** Material supplied follows **

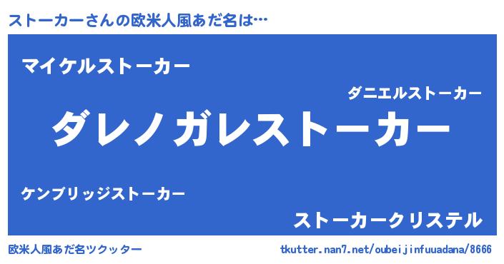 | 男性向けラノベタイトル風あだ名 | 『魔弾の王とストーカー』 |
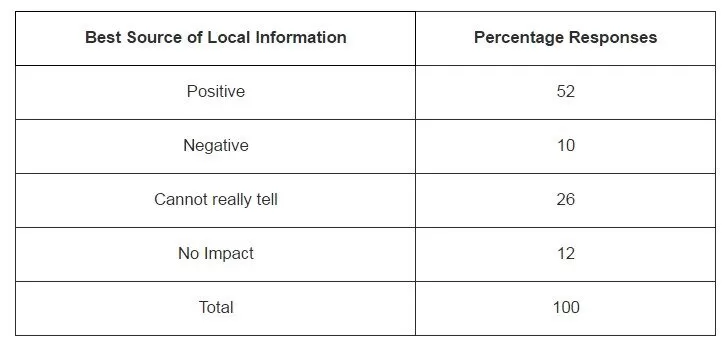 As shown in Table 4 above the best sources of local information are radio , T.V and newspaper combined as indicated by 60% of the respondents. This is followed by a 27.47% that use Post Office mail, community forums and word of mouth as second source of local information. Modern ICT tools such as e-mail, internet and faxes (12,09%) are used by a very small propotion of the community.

** End of Material supplied **
** Material supplied follows **

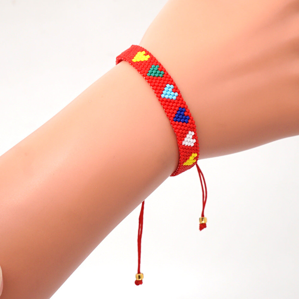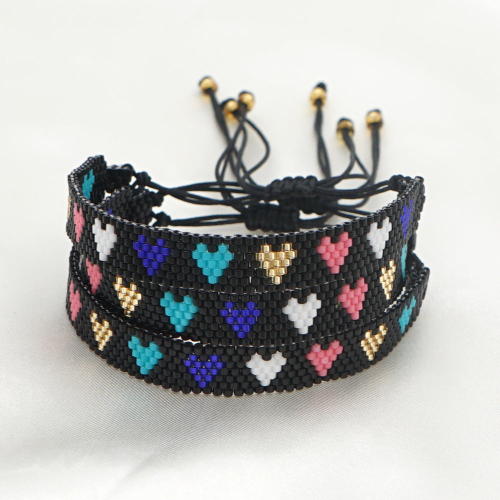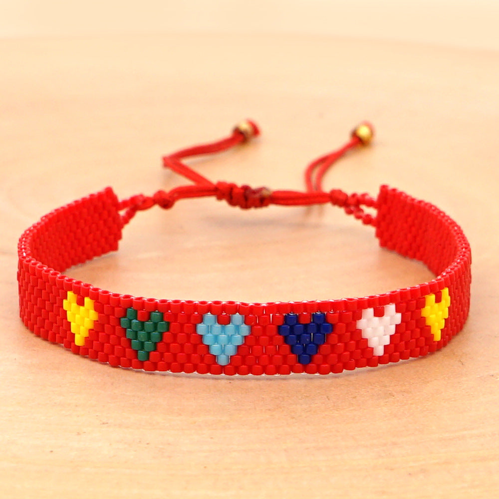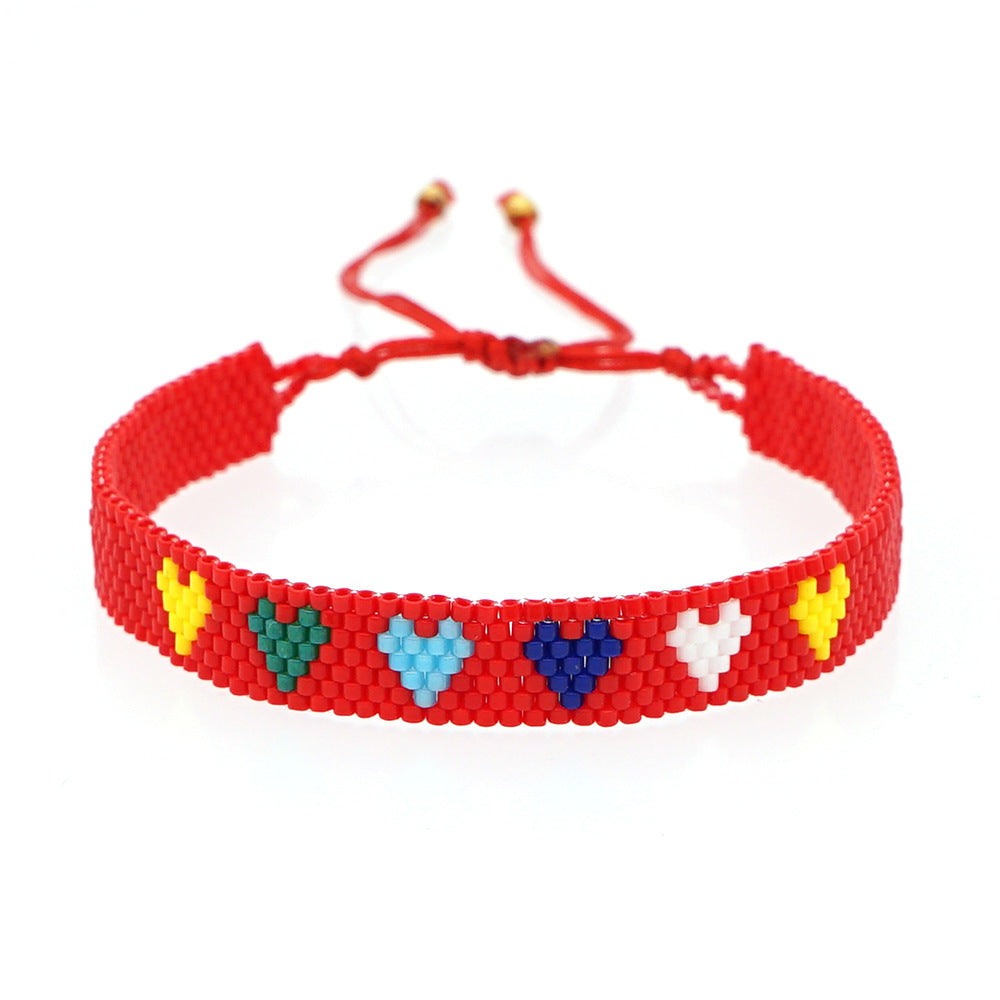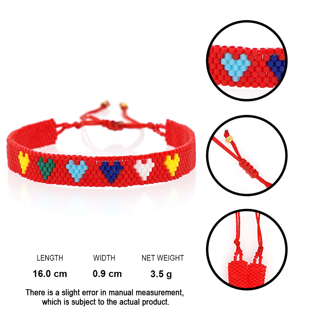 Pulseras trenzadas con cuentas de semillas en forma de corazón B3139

** End of Material supplied **
** Material supplied follows **

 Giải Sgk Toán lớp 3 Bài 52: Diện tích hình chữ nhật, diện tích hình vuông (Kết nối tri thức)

** End of Material supplied **

→ **Activity**: How would the lines above read from the one with "男性向けラノベタイトル風あだ名 | 『魔弾の王とストーカー』 |" to the one with "As shown in", inclusive, with no pictures? Write them out exactly.

→ **Response area**:
 | 男性向けラノベタイトル風あだ名 | 『魔弾の王とストーカー』 |
 As shown in Table 4 above the best sources of local information are radio , T.V and newspaper combined as indicated by 60% of the respondents. This is followed by a 27.47% that use Post Office mail, community forums and word of mouth as second source of local information. Modern ICT tools such as e-mail, internet and faxes (12,09%) are used by a very small propotion of the community.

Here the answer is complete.